BEGIN THE DATA

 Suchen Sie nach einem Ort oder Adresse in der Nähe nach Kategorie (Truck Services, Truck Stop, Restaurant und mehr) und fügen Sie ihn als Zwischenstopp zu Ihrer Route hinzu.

END THE DATA
BEGIN THE DATA

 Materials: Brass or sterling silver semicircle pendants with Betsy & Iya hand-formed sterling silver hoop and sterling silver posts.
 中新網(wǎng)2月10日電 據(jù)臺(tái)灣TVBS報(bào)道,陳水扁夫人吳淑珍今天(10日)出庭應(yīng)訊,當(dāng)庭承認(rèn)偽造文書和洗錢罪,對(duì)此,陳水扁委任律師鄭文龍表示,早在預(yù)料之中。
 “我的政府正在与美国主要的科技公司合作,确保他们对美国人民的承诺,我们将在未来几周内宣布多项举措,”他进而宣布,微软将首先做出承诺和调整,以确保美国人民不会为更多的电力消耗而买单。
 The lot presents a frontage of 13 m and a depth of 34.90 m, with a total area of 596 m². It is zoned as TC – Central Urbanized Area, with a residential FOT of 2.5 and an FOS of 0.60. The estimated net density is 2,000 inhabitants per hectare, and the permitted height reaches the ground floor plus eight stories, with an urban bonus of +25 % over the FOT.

END THE DATA

Where the listing above reaches the line that contains "Materials: Brass or", start retyping, and finish with the line that contains "The lot presents"; reproduce those lines exactly and no others.

- **COMPLETED TASK**
 Materials: Brass or sterling silver semicircle pendants with Betsy & Iya hand-formed sterling silver hoop and sterling silver posts.
 中新網(wǎng)2月10日電 據(jù)臺(tái)灣TVBS報(bào)道,陳水扁夫人吳淑珍今天(10日)出庭應(yīng)訊,當(dāng)庭承認(rèn)偽造文書和洗錢罪,對(duì)此,陳水扁委任律師鄭文龍表示,早在預(yù)料之中。
 “我的政府正在与美国主要的科技公司合作,确保他们对美国人民的承诺,我们将在未来几周内宣布多项举措,”他进而宣布,微软将首先做出承诺和调整,以确保美国人民不会为更多的电力消耗而买单。
 The lot presents a frontage of 13 m and a depth of 34.90 m, with a total area of 596 m². It is zoned as TC – Central Urbanized Area, with a residential FOT of 2.5 and an FOS of 0.60. The estimated net density is 2,000 inhabitants per hectare, and the permitted height reaches the ground floor plus eight stories, with an urban bonus of +25 % over the FOT.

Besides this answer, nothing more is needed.